四人は一体どんな関係なのかと、和月は銀時に視線を向けた。その視線に気付いたらしく、銀時が手短に説明する。
「穂乃嘉はお前が来る半年前まで真選組にいたんだよ。まァ今は江戸を出てるがな」
ということは、アリスや寥も穂乃嘉のことを知らないのだろう。前はじめて寥に会ったとき、土方は寥のことを「入隊したばっか」だと話していたから。
「移動することになって引っ越したんです。今日はお休みなんで遊びに来ました!」
穂乃嘉はそう言うと、にっこり微笑んだ。彼女の隣にいた神楽は唇を尖らせる。
「じゃすぐに帰っちゃうアルカ、穂乃嘉」
「うん。夕方には帰るね」
「もっとゆっくりしていけばいいじゃないですか、夕飯つくりますよ」
そういう二人の言葉を穂乃嘉はやんわりと断ると、既に運ばれていたみたらし団子に手をのばした。十本入りで注文していた団子の半分はすでに神楽の胃袋に消えている。
「ねぇ穂乃嘉、敬語使わなくていいよ。同い年位でしょ?」
がたんと身を乗り出して和月が言うと、穂乃嘉は一瞬眼を見開いた。和月がそう言うとは思わなかったのだろう。
「うん——よろしくね、和月ちゃん」
戸惑いながらも微笑んで見せた穂乃嘉の笑顔。やはり美人さんで、これを向けられたら誰でも即KOではないのだろうか。ある意味最強の武器である。
「ねぇ銀、久しぶりに万事屋行きたいな、良いでしょ?」
「おー」
銀時の了承を得た穂乃嘉はやったぁと言って立ち上がった。早速万事屋へ帰ろうと、その場にいた全員もそれにつられて立ち上がる。
「れっつごーアル!」
神楽の掛け声と共歩き出した、その刹那。突如、和月の前を歩いていた穂乃嘉が消えた。
「ほほほ穂乃嘉ぁぁっ!?」
神隠し、はたまたテレポートでもしたのかとありもしないことが頭に浮かんだ和月だったが、穂乃嘉はすぐに見つかった。
……和月の足元で。
どうやら転んでしまったらしいが、地面はきちんと整備されているため躓くようなものは何も無い。
「いてて、転んじゃった」
そう言って立ち上がる穂乃嘉の顔には赤い擦り傷。何も無いところで転び怪我をしたにも関わらず、彼女はえへへと笑っている。

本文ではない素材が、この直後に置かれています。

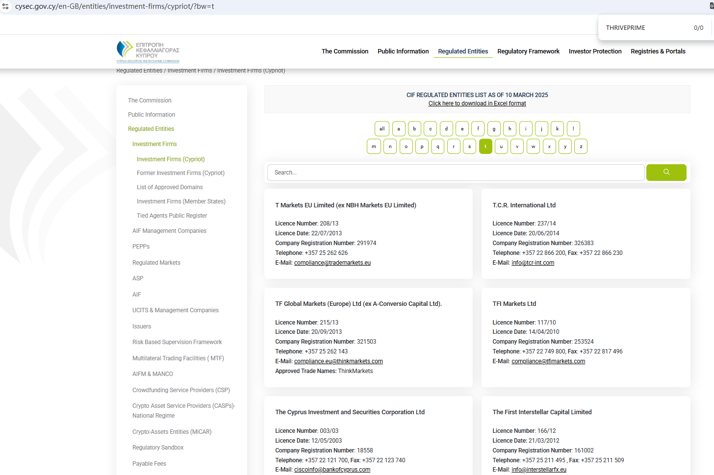 According to its website, it is regulated by both the Financial Conduct Authority (FCA) and the Cyprus Securities and Exchange Commission (CySEC). However, a search revealed no matching information with CySEC. Furthermore, the FCA issued a warning regarding THRIVEPRIME-FORUM INVESTMENTS, suspecting that this company may be offering financial services or products without the necessary authorization.

和月の脳裏にある言語が浮かんできたのはそれを見たときだった。和月はざっと真後ろにいた銀時の方を振り返ると、小声で訊く。
「ねぇ銀時兄ィ、あのさ、もしかしてさ」
和月のその先に続く台詞を予想したのが、銀時はしきりに頷いている。
「「穂乃嘉って天然じゃね」」
何も無いところで躓き転ぶなど、天然以外の何者でもない。穂乃嘉のある意味最強の武器その弐である。
そんな事を考えている銀時と和月の目線の先では、心配して寄って来た新八と神楽に、穂乃嘉が満面の笑みを浮かべていた。